[Data to examine]

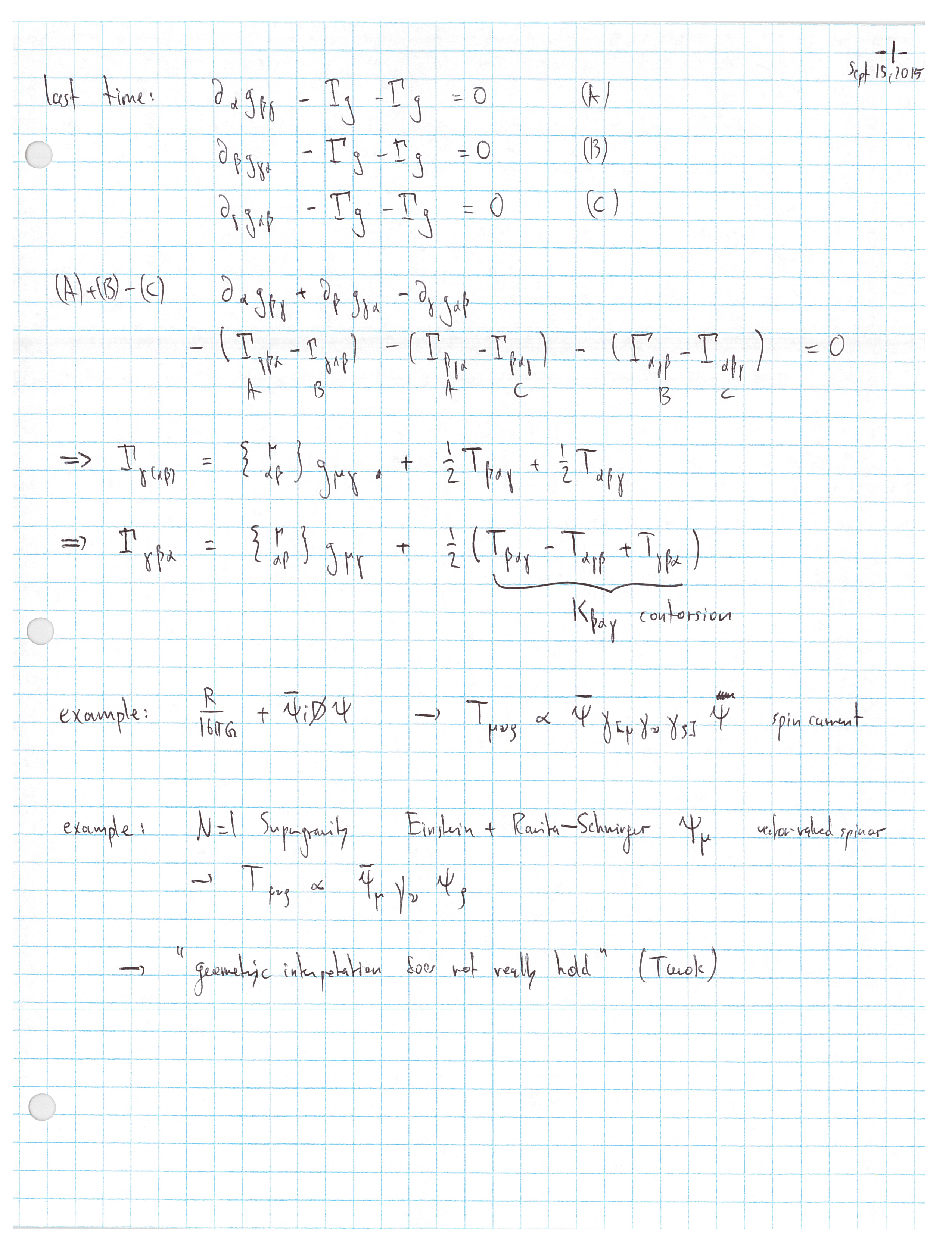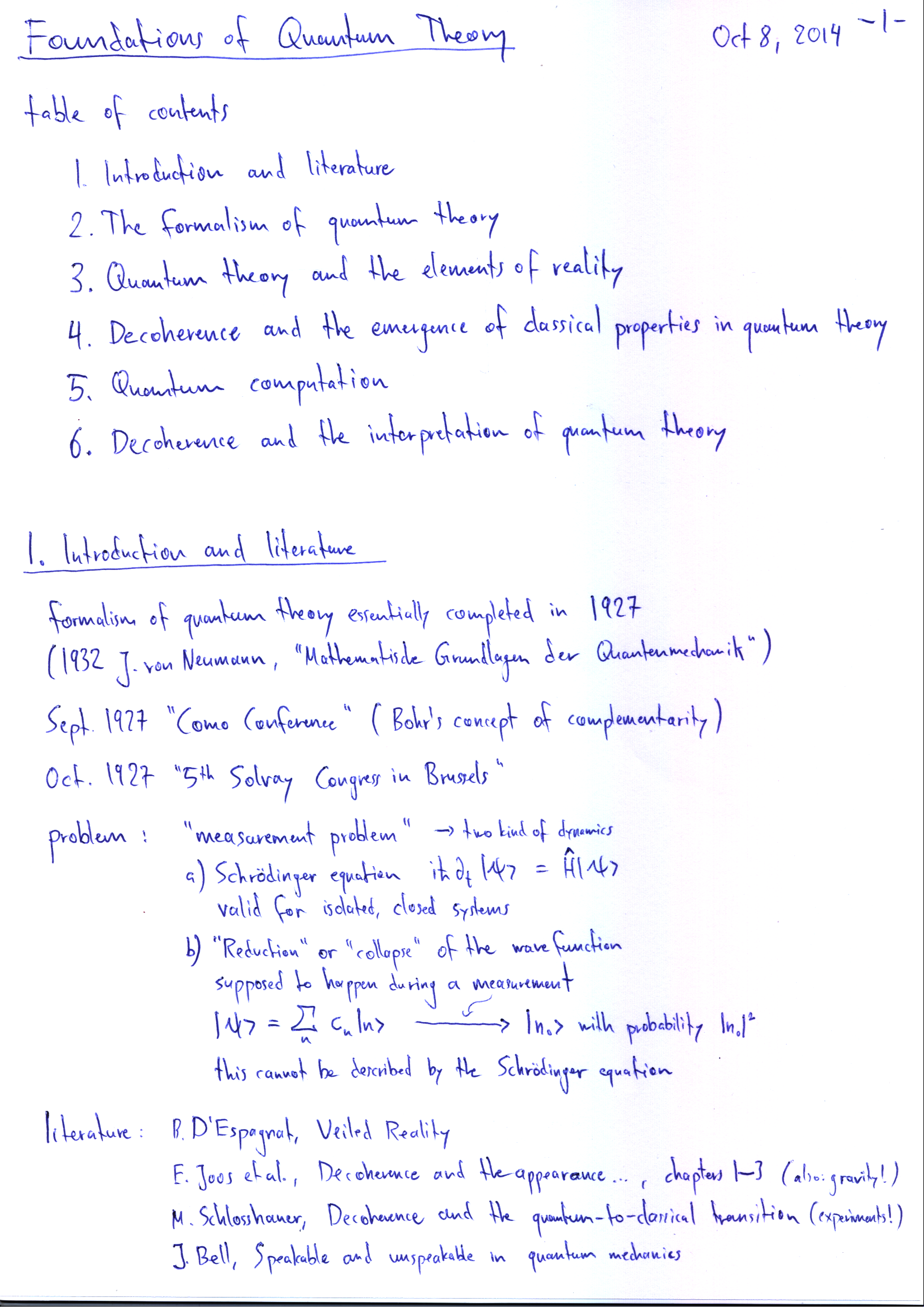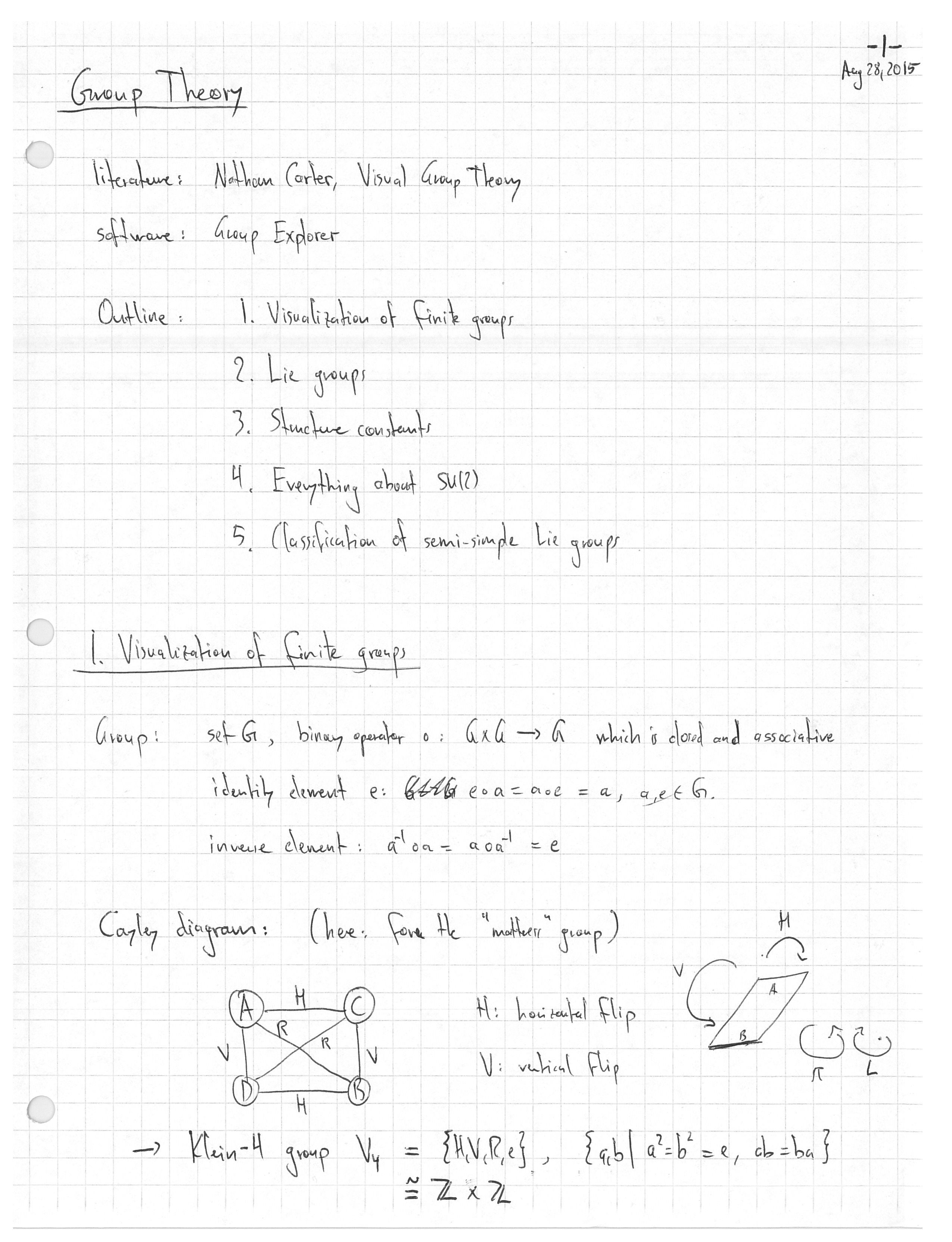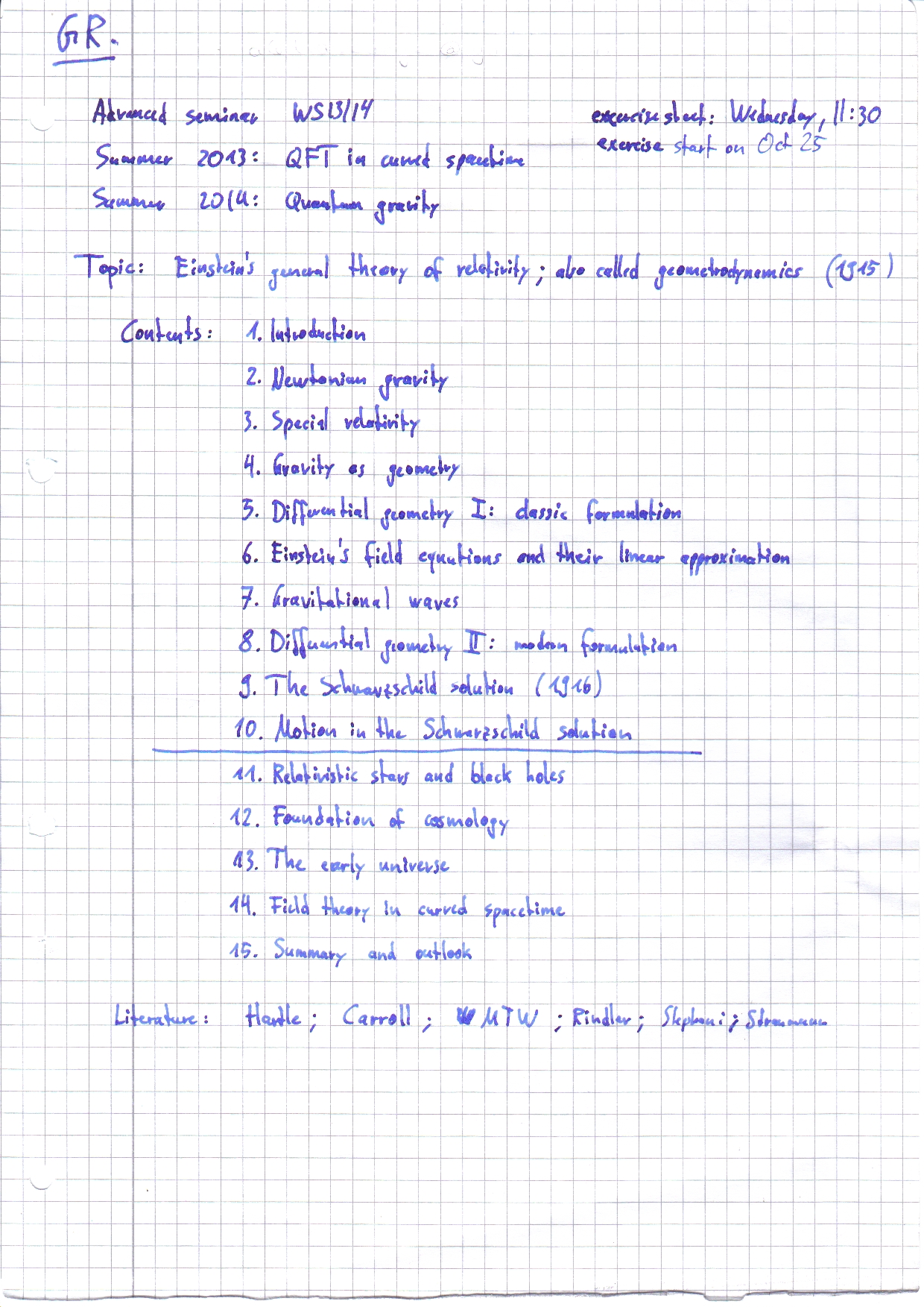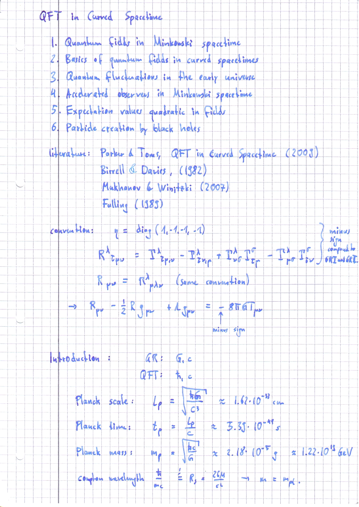 Here you can find handwritten lecture notes for several lectures I attended over the last couple of years at the University of Cologne in Germany, as well as at the Perimeter Institute and the University of Alberta in Canada. Note that these lecture notes may contain typos, and if you find a particularly spectacular one, please feel free to contact me.
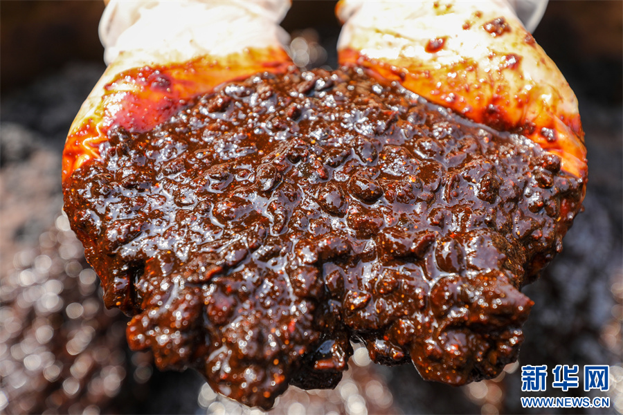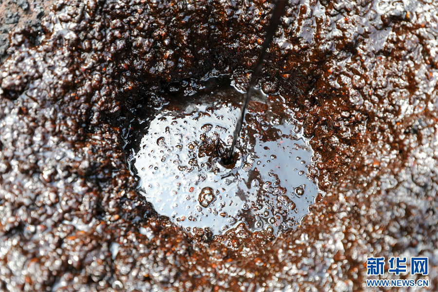 在贵州省铜仁市江口县民和镇艾坪村一家古法酱油加工厂拍摄的黄豆酱料(8月29日摄)。新华网发(李鹤 摄)
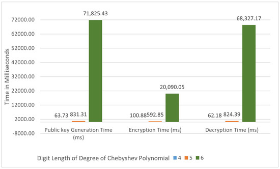 From the figure, it is evident that as the digit length increases, the time taken to generate a public key, encrypt, and decrypt also increases. For a digit length of 1, which means a polynomial degree in a single digit (i.e., a linear equation), the times taken to generate a public key, encrypt, and decrypt are 0.502 ms, 0.226 ms, and 0.112 ms, respectively. For double-digit polynomial degrees, these times are 0.870 ms, 0.737 ms, and 0.512 ms, respectively. If the degree of the Chebyshev polynomial is increased to 3, the time taken to generate a public key, encrypt, and decrypt is found to be 9.927 ms, 8.993 ms, and 9.752 ms, respectively.
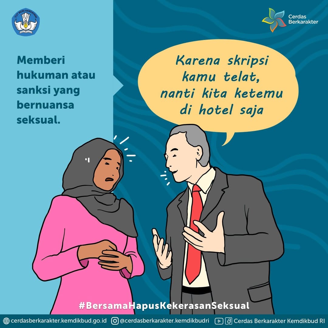 - Edukasi pencegahan dan penanganan kekerasan seksual melalui kegiatan seminar, webinar, diskusi publik, dan/atau aktivitas lainnya.
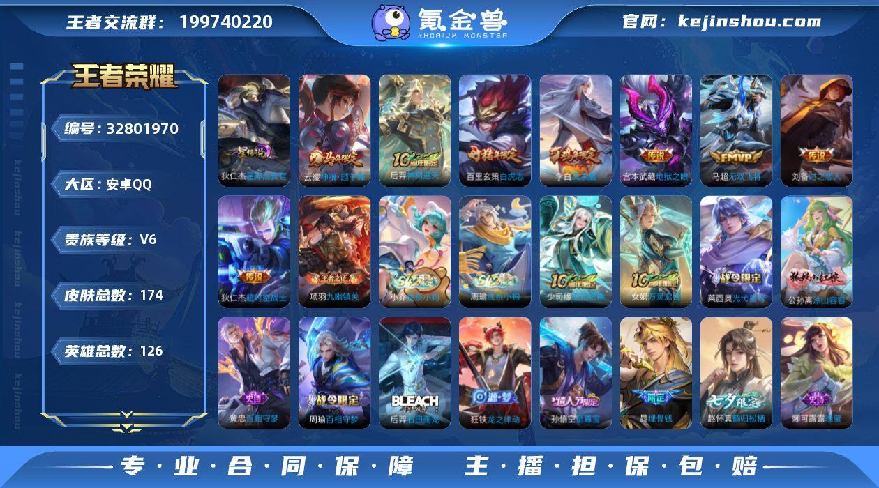 账号亮点:云缨神骥越千峰,后羿神树通天,马超无双飞将,刘备时之恋人,百里玄策白虎志,李白凤求凰,宫本武藏地狱之眼,狄仁杰超时空战士 孙悟空至尊宝273-25 【英雄全皮】:孙权全皮 【传说皮肤】:云缨神骥越千峰,后羿神树通天,马超无双飞将,刘备时之恋人,百里玄策白虎志,李白凤求凰,宫本武藏地狱之眼,狄仁杰超时空战士 【限定皮肤】:暃埋骨钱,蒙犽顽岩魄,虞姬夏日便利店,姜子牙天穹之誓,狄仁杰阴阳师,赵云皇家上将,孙尚香蔷薇恋人,高渐离玩趣恶龙,狄仁杰魔术师,狄仁杰万华元夜,达摩沙漠行僧,项羽海滩派对,老夫子醍醐杖,程咬金演武夺筹,兰陵王金庭之子,孙悟空至尊宝,李元芳云中旅人,钟馗驱傩正仪,鬼谷子原初探秘者,鬼谷子五谷丰年,百里玄策白虎志,梦奇顽趣,沈梦溪大漠名商,明世隐疑决卦,裴擒虎李小龙,裴擒虎擒涛扼浪,鲁班大师探海日志,桑启海盐诗旅,艾琳女武神,赵怀真鹤归松栖,张良古海寻踪,蒙恬荣光圣徽,鬼谷子天穹祈灯,沈梦溪龙舞盛年,刘邦剑破天穹,程咬金群星魔术团,周瑜熔金海岸 【年限皮肤】:李白凤求凰,百里玄策白虎志 【赛季限定】:明世隐疑决卦,老夫子醍醐杖,鬼谷子原初探秘者,狄仁杰万华元夜,程咬金演武夺筹...
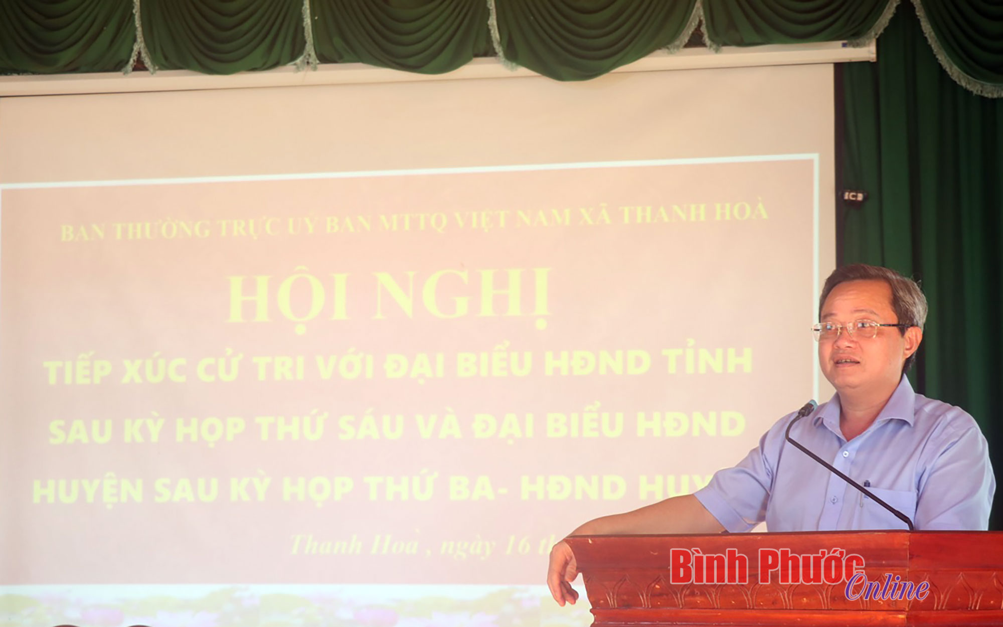 Ủy viên Ban Thường vụ, Trưởng ban Nội chính Tỉnh ủy Nguyễn Minh Hợi thông báo kết quả kỳ họp thứ 6, HĐND tỉnh khóa X, nhiệm kỳ 2021-2026 tại buổi tiếp xúc với cử tri xã Thanh Hòa, huyện Bù Đốp
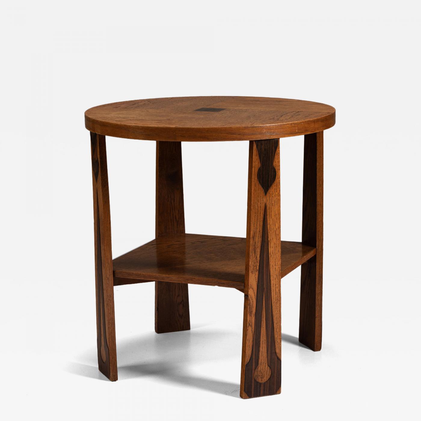 The Amsterdam School movement produced furniture that balanced bold forms with artisanal detail, and this oak side table is a fine example of that spirit.

[/Data to examine]

**Your goal**
The complete set of records should be written out again, pictures excluded.

**Result below**
 Here you can find handwritten lecture notes for several lectures I attended over the last couple of years at the University of Cologne in Germany, as well as at the Perimeter Institute and the University of Alberta in Canada. Note that these lecture notes may contain typos, and if you find a particularly spectacular one, please feel free to contact me.
 在贵州省铜仁市江口县民和镇艾坪村一家古法酱油加工厂拍摄的黄豆酱料(8月29日摄)。新华网发(李鹤 摄)
 From the figure, it is evident that as the digit length increases, the time taken to generate a public key, encrypt, and decrypt also increases. For a digit length of 1, which means a polynomial degree in a single digit (i.e., a linear equation), the times taken to generate a public key, encrypt, and decrypt are 0.502 ms, 0.226 ms, and 0.112 ms, respectively. For double-digit polynomial degrees, these times are 0.870 ms, 0.737 ms, and 0.512 ms, respectively. If the degree of the Chebyshev polynomial is increased to 3, the time taken to generate a public key, encrypt, and decrypt is found to be 9.927 ms, 8.993 ms, and 9.752 ms, respectively.
 - Edukasi pencegahan dan penanganan kekerasan seksual melalui kegiatan seminar, webinar, diskusi publik, dan/atau aktivitas lainnya.
 账号亮点:云缨神骥越千峰,后羿神树通天,马超无双飞将,刘备时之恋人,百里玄策白虎志,李白凤求凰,宫本武藏地狱之眼,狄仁杰超时空战士 孙悟空至尊宝273-25 【英雄全皮】:孙权全皮 【传说皮肤】:云缨神骥越千峰,后羿神树通天,马超无双飞将,刘备时之恋人,百里玄策白虎志,李白凤求凰,宫本武藏地狱之眼,狄仁杰超时空战士 【限定皮肤】:暃埋骨钱,蒙犽顽岩魄,虞姬夏日便利店,姜子牙天穹之誓,狄仁杰阴阳师,赵云皇家上将,孙尚香蔷薇恋人,高渐离玩趣恶龙,狄仁杰魔术师,狄仁杰万华元夜,达摩沙漠行僧,项羽海滩派对,老夫子醍醐杖,程咬金演武夺筹,兰陵王金庭之子,孙悟空至尊宝,李元芳云中旅人,钟馗驱傩正仪,鬼谷子原初探秘者,鬼谷子五谷丰年,百里玄策白虎志,梦奇顽趣,沈梦溪大漠名商,明世隐疑决卦,裴擒虎李小龙,裴擒虎擒涛扼浪,鲁班大师探海日志,桑启海盐诗旅,艾琳女武神,赵怀真鹤归松栖,张良古海寻踪,蒙恬荣光圣徽,鬼谷子天穹祈灯,沈梦溪龙舞盛年,刘邦剑破天穹,程咬金群星魔术团,周瑜熔金海岸 【年限皮肤】:李白凤求凰,百里玄策白虎志 【赛季限定】:明世隐疑决卦,老夫子醍醐杖,鬼谷子原初探秘者,狄仁杰万华元夜,程咬金演武夺筹...
 Ủy viên Ban Thường vụ, Trưởng ban Nội chính Tỉnh ủy Nguyễn Minh Hợi thông báo kết quả kỳ họp thứ 6, HĐND tỉnh khóa X, nhiệm kỳ 2021-2026 tại buổi tiếp xúc với cử tri xã Thanh Hòa, huyện Bù Đốp
 The Amsterdam School movement produced furniture that balanced bold forms with artisanal detail, and this oak side table is a fine example of that spirit.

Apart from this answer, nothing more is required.